“To-night, probably. To-morrow, certainly.”
“And you can trust your friend’s word?”
“As I would trust yours,” said Paul.
Marguerite drew closer to her lover and huddled against him. He put his arm about her. She was trembling. The fun of the masquerade was over. She wondered now how without fear she could have wandered with her black servant through the narrow, crowded markets and in those deep, maze-like streets; she pictured to herself the men; furtive, sleek Fasi; wild creatures from the hills with long muskets gleaming with mother-of-pearl; brawny men of the people, and she painted their faces with the colours and the fire of fury and fanaticism. This little house shut in and crowded about with a thousand houses! She had thought of it as a secret palace hidden away in the uncharted centre of a maze.
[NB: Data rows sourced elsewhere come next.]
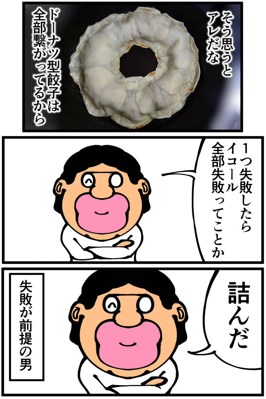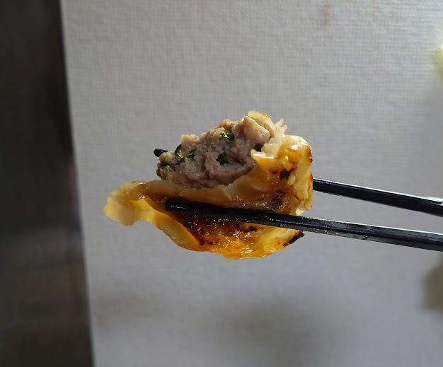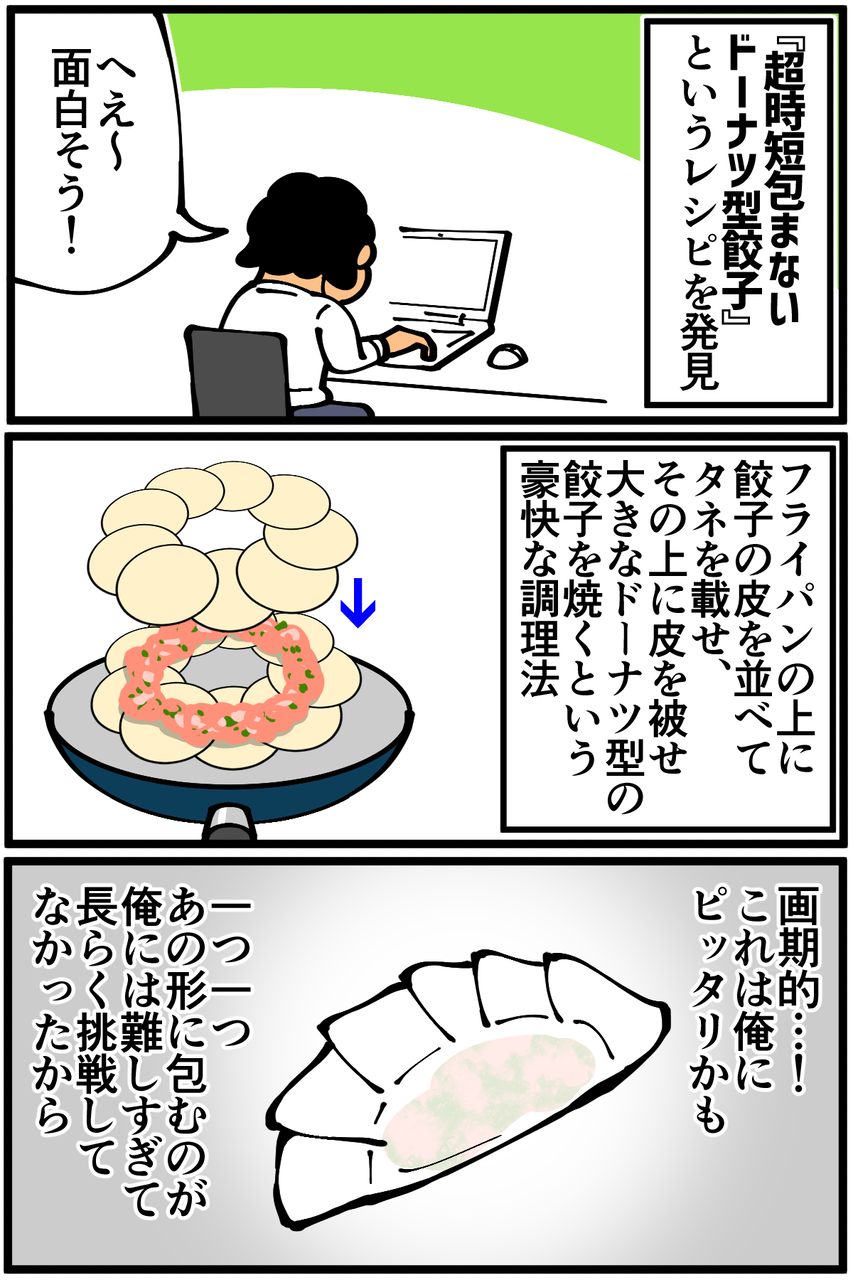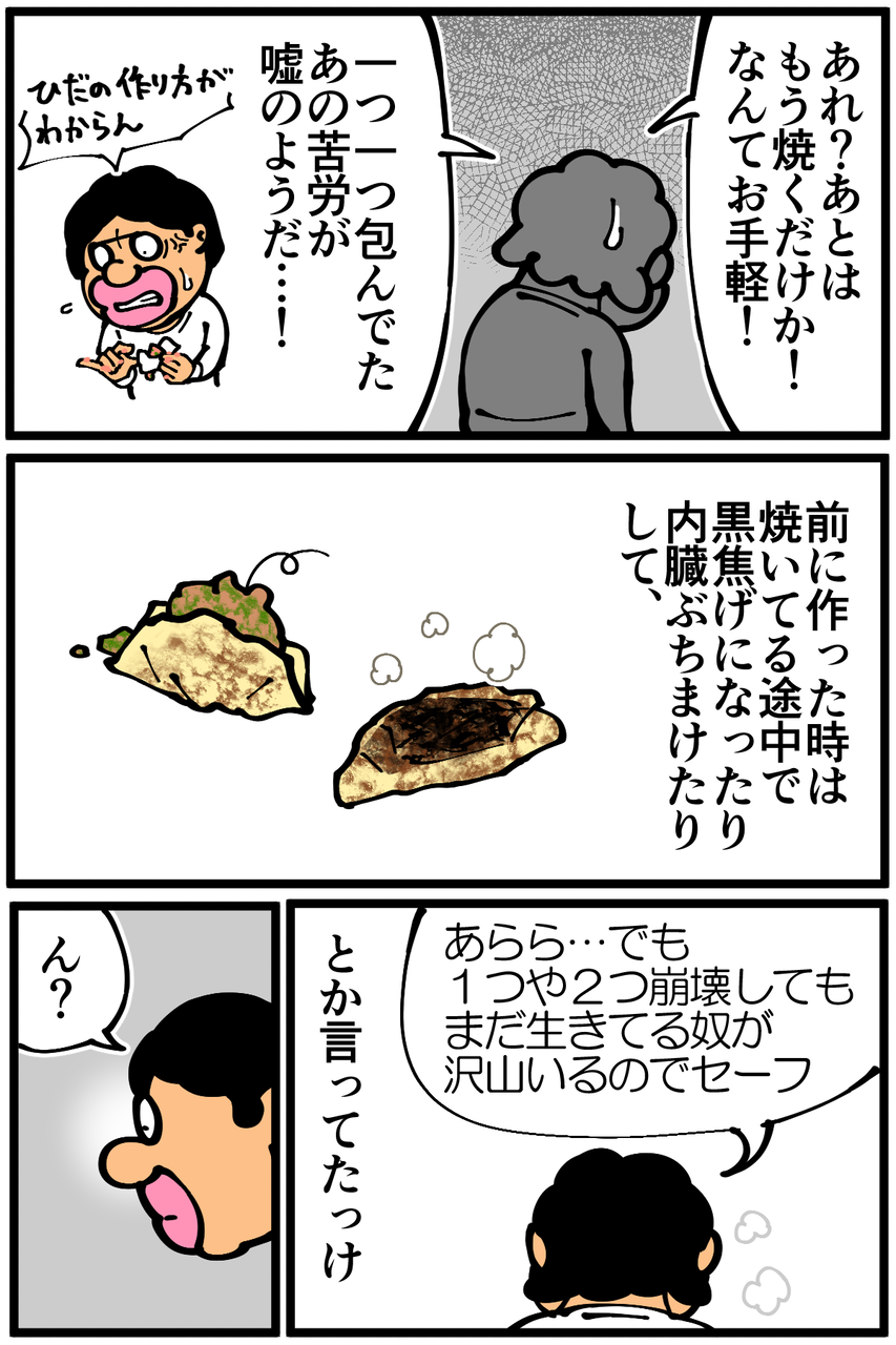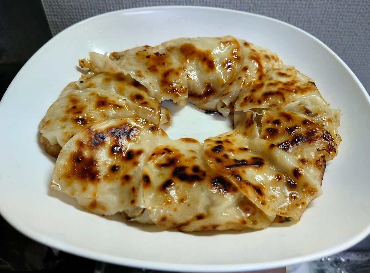 ちなみに漫画内で省いてしまった細かい工程は「タネに皮を被せた後に水40ccを加えてフタして中火で4分蒸し焼き→ごま油投入して焼き目付ける→ひっくり返して裏面も焼く」といった感じでした。
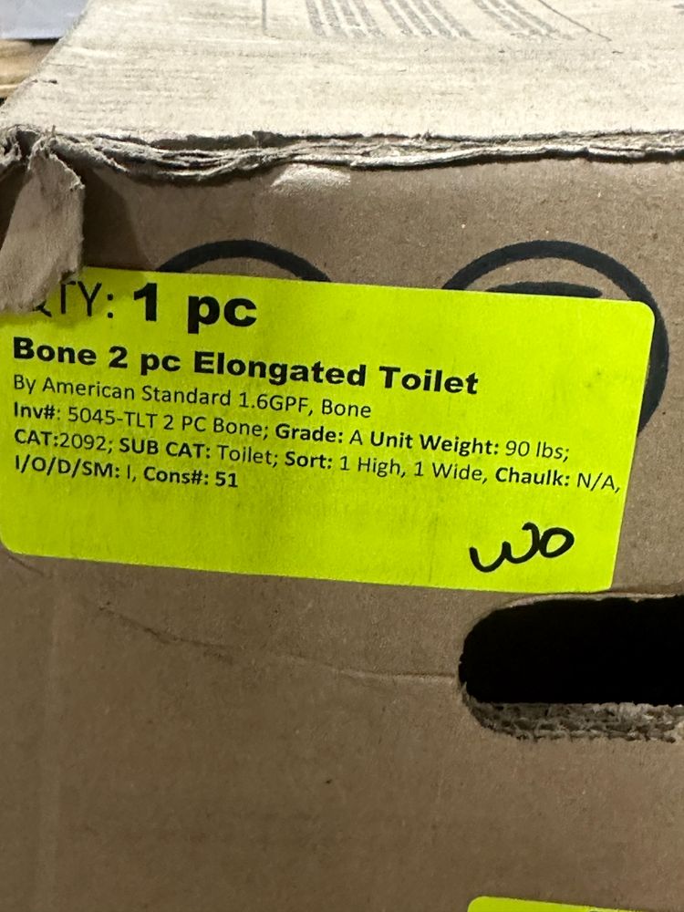 Bone 2 Piece Elongated Toilet. By American Standard 1.6GPF, Bone, Grade: A,This is a liquidated product. Any pre-existing retail, wholesale or manufacturer warranties will not transfer with the sale of this Product unless expressly stated otherwise. Weight: 90. Sold by: Piece. Sold as: Quantity X Price. Inventory #: 5045-TLT 2 PC Bone
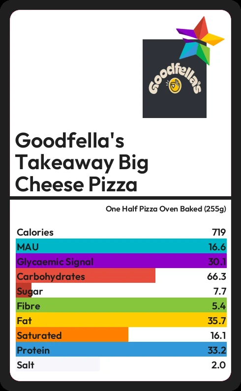 Goodfella's Takeaway Big Cheese Pizza contains 719.1 calories in one Half Pizza Oven Baked (255g).
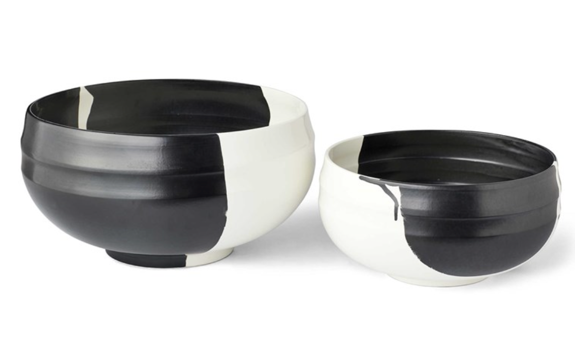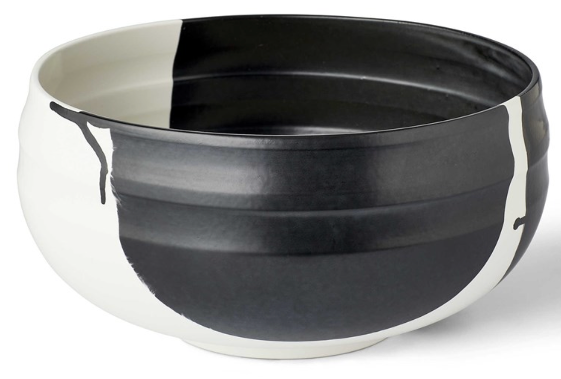 The Split Personality bowl is an oversized centerpiece that makes a big statement. The hand-dipped matte glaze in black and white has a strong graphic quality. Works great as a centerpiece bowl on a kitchen island, cocktail table, or console.
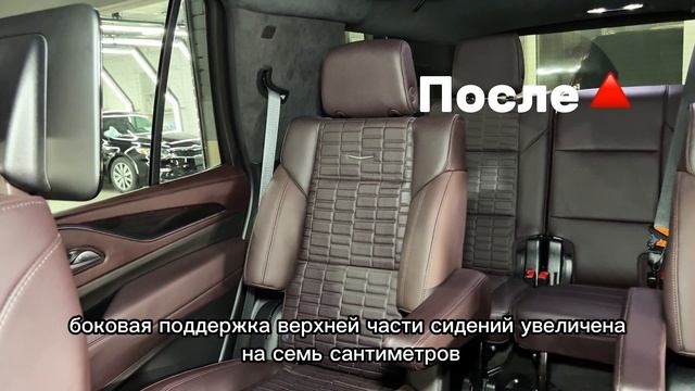 Тюнинг Ателье Vinyl Style в Казани https://vinylkazan.ru/vosstanovlenie-i-pereshiv-salona/ Изменение анатомии сидений заднего ряда Cadillac Escalade. Наш клиент — руководитель, которому часто приходится ездить сзади. Но стандартные задние сиденья не имели нужной анатомической формы — сидеть долго было неудобно. Покупать новые кресла? Слишком дорого. Поэтому мы решили изменить их анатомию. Нарастили боковую поддержку, ориентируясь на сиденья переднего ряда — теперь задние кресла не уступают по комфорту водительскому месту. Боковая поддержка верхней части сидений увеличена на 7 см, заменили по три элемента для идеальной формы под спину. Нижняя часть — плюс 4 см, заменили по одному кожаному элементу с наружней стороны. И всё это с ощутимым объёмом и плотностью.
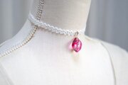 【受注製作】レジンアート 鉱物モチーフとタティングレースとサテンリボンのチョーカー〈緋色の旋律〉
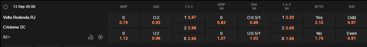 Soi kèo hiệp 1 Volta Redonda vs Criciuma
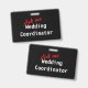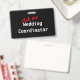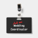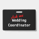 Ce badge noir indique "Demandez-moi" en écriture rouge. Vous pouvez également personnaliser le badge avec votre titre tel que "Coordinateur de mariage".
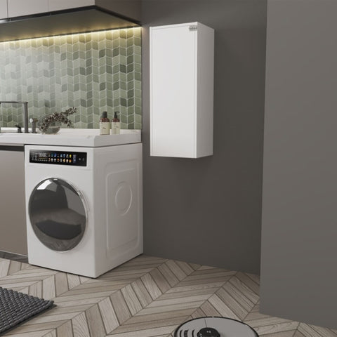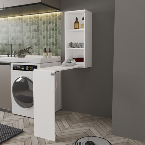 "This wall-mounted folding table is a practical and space-saving addition for living rooms, laundry rooms, or multipurpose spaces. Its fold-out design creates a functional surface for tasks like folding laundry or organizing items and can be easily folded away when not in use. The integrated shelving provides convenient storage for essentials or decorative items, making it a versatile and stylish solution for optimizing your space. Materials: Particle board and melamine. Dimensions: 66,4"" (H) x 13,7"" (W) x 42,6"" (D)."""
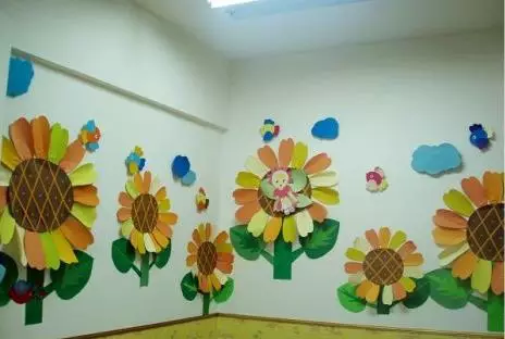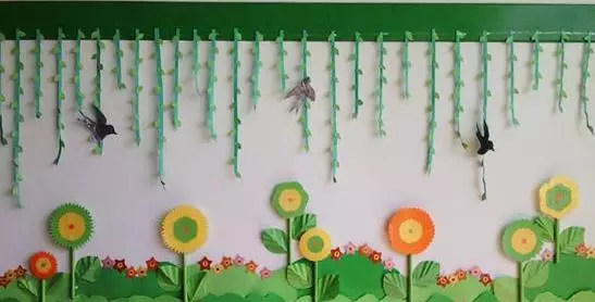 春天的环境布置主要可以使用的元素有:花朵、昆虫、燕子、风筝、柳条等,用生机勃勃的环境给幼儿传递春天的活力。
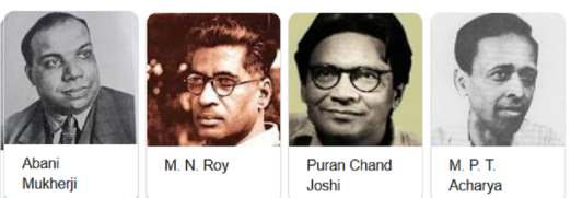 The two leading and founders of the communist movement in India were M N Roy (Manabendra Nath Roy born Narendra Nath Bhattacharya,) Abani Mukherji, and M. P. T. Acharya.
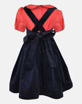 The coral blouse brings out the colour in the floral embroidery. With a navy piped Peter pan collar, this blouse is fastened at the back with fabric covered buttons. Lined to the body in 100% coral cotton, the sweet puff sleeves finish this lovely set, creating a clean shape and line.
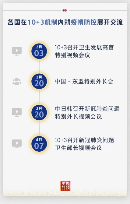 在這次會(huì)議召開(kāi)之前,10+3機(jī)制內(nèi)的危機(jī)響應(yīng)機(jī)制已經(jīng)啟動(dòng),各國(guó)在10+3機(jī)制內(nèi)就疫情防控展開(kāi)了多次交流。
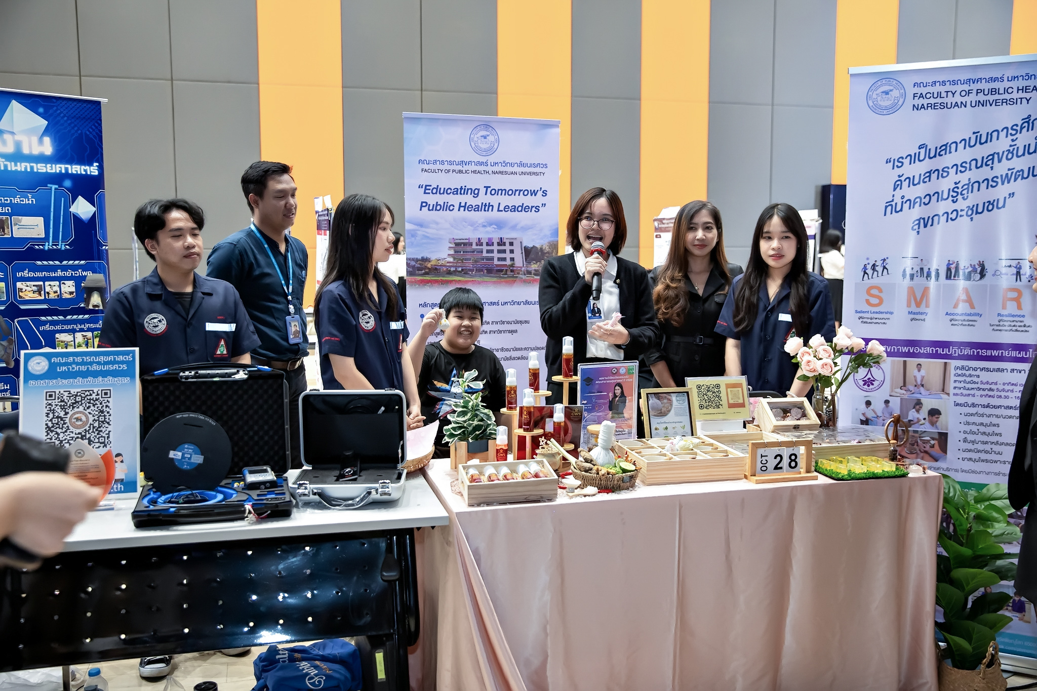 The Faculty of Allied Health Sciences expressed gratitude to all judges, as well as to the Health Science cluster faculties, Faculty of Engineering, Faculty of Science, and the Naresuan University Science Park, for their collaboration and exhibitions. Appreciation was also extended to Cheese Tech Co., Ltd. and Kwang Mai Jumkad Co., Ltd. for organizing interactive exhibitions, and to all faculty members, staff, and students who contributed to the success of the event.
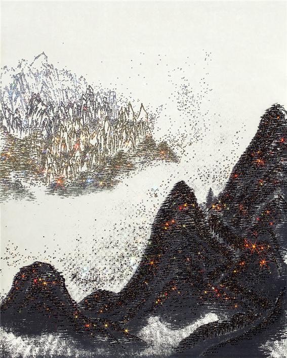 ▲ Metallic Blue Mountain_Mixed Media on canvas & MADE WITH SWAROVSKIⓇ ELEMENTS (80.3X100.0cm_ 2014). <사진제공=김종숙>
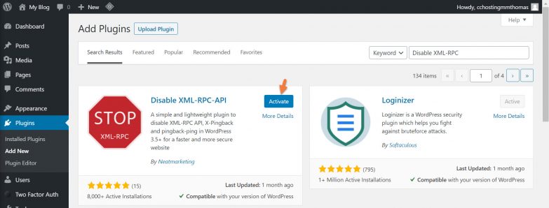 Step 2: Use the search box in the top right corner and search for “Disable XML-RPC” (without the quotes). Find the Disable XML-RPC-API plugin by Neatmarketing and click the Install Now button in the search results.

Now it seemed to her a trap set in a jungle of tigers—a trap in which she and Paul were caught. And her thoughts suddenly took a turn. No, only she was in that trap.
She listened, turning her face upwards to the open roof. The city was still quiet.
“Paul, there are other Christians scattered in houses in the town.”
“Yes.”
“Couldn’t you give a warning? So that troops from the camp might be hurried into the town? Leave your uniform here! Dress in your djellaba and your Moorish clothes. You can reach headquarters—”
“I have already been there. They will not believe,” said Paul.
Marguerite thought for a little while, summoning her strength to assist her, and the memory of the great debt she owed her lover.